- Assigned task:
Nothing but the lines from the one containing "Альбом для рисования" through the one containing "DRABEST - Hem", both included, should be given again, each exactly as written below.

(Records for processing Opens)

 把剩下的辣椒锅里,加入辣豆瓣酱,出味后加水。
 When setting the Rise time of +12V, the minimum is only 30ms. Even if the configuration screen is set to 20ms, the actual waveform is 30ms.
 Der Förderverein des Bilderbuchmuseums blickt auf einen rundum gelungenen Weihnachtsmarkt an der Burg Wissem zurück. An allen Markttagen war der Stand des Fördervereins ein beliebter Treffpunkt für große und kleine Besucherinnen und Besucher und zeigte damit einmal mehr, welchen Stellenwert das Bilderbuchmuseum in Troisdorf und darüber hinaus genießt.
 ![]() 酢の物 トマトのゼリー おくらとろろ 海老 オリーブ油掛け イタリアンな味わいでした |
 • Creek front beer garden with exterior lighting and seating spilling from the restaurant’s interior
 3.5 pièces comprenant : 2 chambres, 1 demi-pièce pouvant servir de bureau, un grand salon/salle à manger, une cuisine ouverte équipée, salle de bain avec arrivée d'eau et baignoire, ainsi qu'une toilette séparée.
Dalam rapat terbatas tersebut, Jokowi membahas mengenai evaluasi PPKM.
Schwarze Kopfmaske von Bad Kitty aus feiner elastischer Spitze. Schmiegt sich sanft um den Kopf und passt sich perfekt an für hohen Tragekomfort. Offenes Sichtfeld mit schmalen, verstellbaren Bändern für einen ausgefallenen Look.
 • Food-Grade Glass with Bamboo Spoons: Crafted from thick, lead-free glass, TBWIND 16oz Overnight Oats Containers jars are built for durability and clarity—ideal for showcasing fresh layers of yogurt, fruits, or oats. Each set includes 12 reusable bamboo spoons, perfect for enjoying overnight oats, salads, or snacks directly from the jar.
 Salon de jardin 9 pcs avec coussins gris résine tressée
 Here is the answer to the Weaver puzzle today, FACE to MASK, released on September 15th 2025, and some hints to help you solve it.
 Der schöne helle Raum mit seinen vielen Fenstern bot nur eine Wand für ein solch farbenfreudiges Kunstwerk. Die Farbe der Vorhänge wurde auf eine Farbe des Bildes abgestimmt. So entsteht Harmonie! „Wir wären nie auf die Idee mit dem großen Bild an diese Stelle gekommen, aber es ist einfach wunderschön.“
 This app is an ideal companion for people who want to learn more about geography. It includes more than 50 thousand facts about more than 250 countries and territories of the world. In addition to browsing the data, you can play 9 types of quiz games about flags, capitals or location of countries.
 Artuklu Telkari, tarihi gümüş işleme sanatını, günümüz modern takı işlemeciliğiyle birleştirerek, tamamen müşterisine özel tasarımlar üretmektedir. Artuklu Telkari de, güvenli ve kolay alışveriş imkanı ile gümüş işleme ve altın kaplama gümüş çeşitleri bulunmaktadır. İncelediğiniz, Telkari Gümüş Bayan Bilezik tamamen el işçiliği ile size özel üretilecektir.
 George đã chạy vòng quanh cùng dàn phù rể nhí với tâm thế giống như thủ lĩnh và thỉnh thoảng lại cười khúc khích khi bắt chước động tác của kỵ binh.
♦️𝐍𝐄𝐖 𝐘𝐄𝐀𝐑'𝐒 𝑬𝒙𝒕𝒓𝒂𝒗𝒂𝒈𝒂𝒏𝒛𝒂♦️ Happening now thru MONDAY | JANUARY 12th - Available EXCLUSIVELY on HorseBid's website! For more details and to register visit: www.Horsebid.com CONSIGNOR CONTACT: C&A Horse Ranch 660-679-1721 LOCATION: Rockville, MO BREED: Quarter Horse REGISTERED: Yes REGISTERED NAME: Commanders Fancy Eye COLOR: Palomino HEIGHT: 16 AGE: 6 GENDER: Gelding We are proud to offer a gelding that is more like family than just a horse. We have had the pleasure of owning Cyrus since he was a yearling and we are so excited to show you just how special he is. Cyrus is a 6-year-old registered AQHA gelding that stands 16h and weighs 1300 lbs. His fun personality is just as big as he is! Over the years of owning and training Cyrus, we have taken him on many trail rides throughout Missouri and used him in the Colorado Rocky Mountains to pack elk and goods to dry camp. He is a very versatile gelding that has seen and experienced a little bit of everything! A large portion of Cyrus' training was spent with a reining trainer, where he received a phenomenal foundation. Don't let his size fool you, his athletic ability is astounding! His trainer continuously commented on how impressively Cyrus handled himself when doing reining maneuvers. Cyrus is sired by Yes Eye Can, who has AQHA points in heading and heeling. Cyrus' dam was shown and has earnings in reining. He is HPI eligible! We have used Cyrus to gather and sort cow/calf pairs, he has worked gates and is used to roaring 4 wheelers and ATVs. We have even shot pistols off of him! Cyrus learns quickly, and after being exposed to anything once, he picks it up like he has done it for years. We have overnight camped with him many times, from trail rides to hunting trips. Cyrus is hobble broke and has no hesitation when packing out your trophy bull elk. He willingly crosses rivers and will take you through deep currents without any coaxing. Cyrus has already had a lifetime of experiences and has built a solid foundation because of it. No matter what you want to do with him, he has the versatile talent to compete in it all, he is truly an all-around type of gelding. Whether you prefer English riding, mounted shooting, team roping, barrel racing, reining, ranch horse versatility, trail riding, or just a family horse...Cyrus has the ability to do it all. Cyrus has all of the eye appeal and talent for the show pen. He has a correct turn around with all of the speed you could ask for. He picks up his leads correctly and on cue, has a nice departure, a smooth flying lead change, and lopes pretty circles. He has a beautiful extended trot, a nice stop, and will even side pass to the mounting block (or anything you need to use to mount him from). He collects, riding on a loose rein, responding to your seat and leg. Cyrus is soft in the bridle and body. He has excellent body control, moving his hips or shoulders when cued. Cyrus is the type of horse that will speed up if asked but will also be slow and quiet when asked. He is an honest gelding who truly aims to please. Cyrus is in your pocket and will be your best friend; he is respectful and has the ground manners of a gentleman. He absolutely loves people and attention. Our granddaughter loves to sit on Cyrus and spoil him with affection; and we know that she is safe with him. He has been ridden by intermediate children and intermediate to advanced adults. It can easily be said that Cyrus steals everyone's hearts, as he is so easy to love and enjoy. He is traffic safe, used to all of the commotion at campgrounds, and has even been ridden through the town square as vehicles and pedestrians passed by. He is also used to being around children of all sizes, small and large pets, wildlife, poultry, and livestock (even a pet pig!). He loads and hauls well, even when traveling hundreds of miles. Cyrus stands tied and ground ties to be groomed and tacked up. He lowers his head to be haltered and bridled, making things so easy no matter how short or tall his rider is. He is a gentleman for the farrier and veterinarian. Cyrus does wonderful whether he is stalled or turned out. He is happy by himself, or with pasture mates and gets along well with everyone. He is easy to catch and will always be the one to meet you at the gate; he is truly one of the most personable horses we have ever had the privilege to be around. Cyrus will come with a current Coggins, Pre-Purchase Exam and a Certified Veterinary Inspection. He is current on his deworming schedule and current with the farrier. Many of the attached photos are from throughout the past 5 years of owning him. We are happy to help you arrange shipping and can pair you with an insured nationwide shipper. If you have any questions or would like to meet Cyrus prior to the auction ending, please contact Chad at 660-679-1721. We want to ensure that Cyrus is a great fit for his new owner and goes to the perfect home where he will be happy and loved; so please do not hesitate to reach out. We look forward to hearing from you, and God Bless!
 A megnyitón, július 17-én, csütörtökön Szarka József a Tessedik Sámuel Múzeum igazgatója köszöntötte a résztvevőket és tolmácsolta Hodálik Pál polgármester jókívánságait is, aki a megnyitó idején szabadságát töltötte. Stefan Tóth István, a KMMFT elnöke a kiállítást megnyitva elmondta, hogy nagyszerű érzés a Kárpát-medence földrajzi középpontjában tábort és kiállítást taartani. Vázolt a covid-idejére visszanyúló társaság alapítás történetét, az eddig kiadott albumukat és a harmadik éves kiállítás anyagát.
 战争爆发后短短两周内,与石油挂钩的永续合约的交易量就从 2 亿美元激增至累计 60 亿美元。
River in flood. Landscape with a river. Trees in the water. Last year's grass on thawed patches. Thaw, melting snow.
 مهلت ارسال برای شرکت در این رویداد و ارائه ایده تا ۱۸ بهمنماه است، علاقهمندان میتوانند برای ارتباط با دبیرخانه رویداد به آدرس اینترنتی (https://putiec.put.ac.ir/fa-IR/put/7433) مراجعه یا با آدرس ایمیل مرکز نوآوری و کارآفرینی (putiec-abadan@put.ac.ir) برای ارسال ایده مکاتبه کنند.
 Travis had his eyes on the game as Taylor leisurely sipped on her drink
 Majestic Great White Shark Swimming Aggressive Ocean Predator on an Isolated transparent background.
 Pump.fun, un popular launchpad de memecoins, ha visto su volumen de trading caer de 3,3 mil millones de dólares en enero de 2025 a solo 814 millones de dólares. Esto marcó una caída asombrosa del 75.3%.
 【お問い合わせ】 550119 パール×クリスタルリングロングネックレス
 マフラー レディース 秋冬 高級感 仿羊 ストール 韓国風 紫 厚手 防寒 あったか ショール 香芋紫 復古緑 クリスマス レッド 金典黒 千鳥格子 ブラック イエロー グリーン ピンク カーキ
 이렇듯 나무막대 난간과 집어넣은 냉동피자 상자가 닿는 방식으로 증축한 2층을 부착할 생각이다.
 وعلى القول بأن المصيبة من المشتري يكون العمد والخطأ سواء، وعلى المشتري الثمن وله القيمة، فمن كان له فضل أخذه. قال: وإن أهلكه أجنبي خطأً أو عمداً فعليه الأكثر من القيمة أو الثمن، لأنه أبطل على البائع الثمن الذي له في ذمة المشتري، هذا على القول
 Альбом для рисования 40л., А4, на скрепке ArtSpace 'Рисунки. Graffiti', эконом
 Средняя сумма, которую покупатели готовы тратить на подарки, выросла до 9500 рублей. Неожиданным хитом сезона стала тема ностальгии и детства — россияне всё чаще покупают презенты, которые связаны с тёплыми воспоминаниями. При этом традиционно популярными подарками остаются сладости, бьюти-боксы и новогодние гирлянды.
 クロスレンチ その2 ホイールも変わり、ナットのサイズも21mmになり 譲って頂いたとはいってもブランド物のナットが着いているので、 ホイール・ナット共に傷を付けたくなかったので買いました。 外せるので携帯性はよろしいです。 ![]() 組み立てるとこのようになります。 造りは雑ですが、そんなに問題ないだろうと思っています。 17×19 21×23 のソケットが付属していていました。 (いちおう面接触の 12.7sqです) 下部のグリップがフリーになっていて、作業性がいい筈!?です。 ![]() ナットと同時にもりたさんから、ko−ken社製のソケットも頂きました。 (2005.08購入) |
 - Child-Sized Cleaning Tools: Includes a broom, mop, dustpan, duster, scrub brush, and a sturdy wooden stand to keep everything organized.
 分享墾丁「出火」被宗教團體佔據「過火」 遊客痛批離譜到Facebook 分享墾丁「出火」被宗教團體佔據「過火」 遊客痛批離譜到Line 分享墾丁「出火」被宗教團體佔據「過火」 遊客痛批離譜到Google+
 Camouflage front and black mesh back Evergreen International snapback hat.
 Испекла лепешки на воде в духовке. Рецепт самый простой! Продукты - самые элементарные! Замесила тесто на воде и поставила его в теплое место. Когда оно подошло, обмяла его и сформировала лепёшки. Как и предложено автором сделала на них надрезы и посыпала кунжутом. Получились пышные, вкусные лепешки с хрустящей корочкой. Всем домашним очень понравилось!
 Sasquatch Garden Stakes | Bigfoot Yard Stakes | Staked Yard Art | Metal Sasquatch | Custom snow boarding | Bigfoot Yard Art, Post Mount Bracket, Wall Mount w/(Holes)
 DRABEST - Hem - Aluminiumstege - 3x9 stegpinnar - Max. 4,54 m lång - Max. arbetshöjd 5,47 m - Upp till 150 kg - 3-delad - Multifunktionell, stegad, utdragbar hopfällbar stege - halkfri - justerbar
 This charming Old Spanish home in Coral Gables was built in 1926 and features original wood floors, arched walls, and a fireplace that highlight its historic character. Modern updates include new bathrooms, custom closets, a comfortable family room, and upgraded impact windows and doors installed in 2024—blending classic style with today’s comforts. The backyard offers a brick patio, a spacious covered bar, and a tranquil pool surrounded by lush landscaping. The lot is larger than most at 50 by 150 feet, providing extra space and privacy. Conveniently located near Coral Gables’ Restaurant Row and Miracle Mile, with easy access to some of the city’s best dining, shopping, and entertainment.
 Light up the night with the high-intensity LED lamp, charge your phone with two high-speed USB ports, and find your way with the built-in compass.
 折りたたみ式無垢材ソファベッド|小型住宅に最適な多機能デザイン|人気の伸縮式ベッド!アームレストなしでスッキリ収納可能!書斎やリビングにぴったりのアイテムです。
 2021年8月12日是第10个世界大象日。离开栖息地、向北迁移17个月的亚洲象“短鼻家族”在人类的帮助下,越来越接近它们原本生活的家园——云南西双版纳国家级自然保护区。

(Records for processing Closes)

- Reply to the exercise:
 Альбом для рисования 40л., А4, на скрепке ArtSpace 'Рисунки. Graffiti', эконом
 Средняя сумма, которую покупатели готовы тратить на подарки, выросла до 9500 рублей. Неожиданным хитом сезона стала тема ностальгии и детства — россияне всё чаще покупают презенты, которые связаны с тёплыми воспоминаниями. При этом традиционно популярными подарками остаются сладости, бьюти-боксы и новогодние гирлянды.
 クロスレンチ その2 ホイールも変わり、ナットのサイズも21mmになり 譲って頂いたとはいってもブランド物のナットが着いているので、 ホイール・ナット共に傷を付けたくなかったので買いました。 外せるので携帯性はよろしいです。 ![]() 組み立てるとこのようになります。 造りは雑ですが、そんなに問題ないだろうと思っています。 17×19 21×23 のソケットが付属していていました。 (いちおう面接触の 12.7sqです) 下部のグリップがフリーになっていて、作業性がいい筈!?です。 ![]() ナットと同時にもりたさんから、ko−ken社製のソケットも頂きました。 (2005.08購入) |
 - Child-Sized Cleaning Tools: Includes a broom, mop, dustpan, duster, scrub brush, and a sturdy wooden stand to keep everything organized.
 分享墾丁「出火」被宗教團體佔據「過火」 遊客痛批離譜到Facebook 分享墾丁「出火」被宗教團體佔據「過火」 遊客痛批離譜到Line 分享墾丁「出火」被宗教團體佔據「過火」 遊客痛批離譜到Google+
 Camouflage front and black mesh back Evergreen International snapback hat.
 Испекла лепешки на воде в духовке. Рецепт самый простой! Продукты - самые элементарные! Замесила тесто на воде и поставила его в теплое место. Когда оно подошло, обмяла его и сформировала лепёшки. Как и предложено автором сделала на них надрезы и посыпала кунжутом. Получились пышные, вкусные лепешки с хрустящей корочкой. Всем домашним очень понравилось!
 Sasquatch Garden Stakes | Bigfoot Yard Stakes | Staked Yard Art | Metal Sasquatch | Custom snow boarding | Bigfoot Yard Art, Post Mount Bracket, Wall Mount w/(Holes)
 DRABEST - Hem - Aluminiumstege - 3x9 stegpinnar - Max. 4,54 m lång - Max. arbetshöjd 5,47 m - Upp till 150 kg - 3-delad - Multifunktionell, stegad, utdragbar hopfällbar stege - halkfri - justerbar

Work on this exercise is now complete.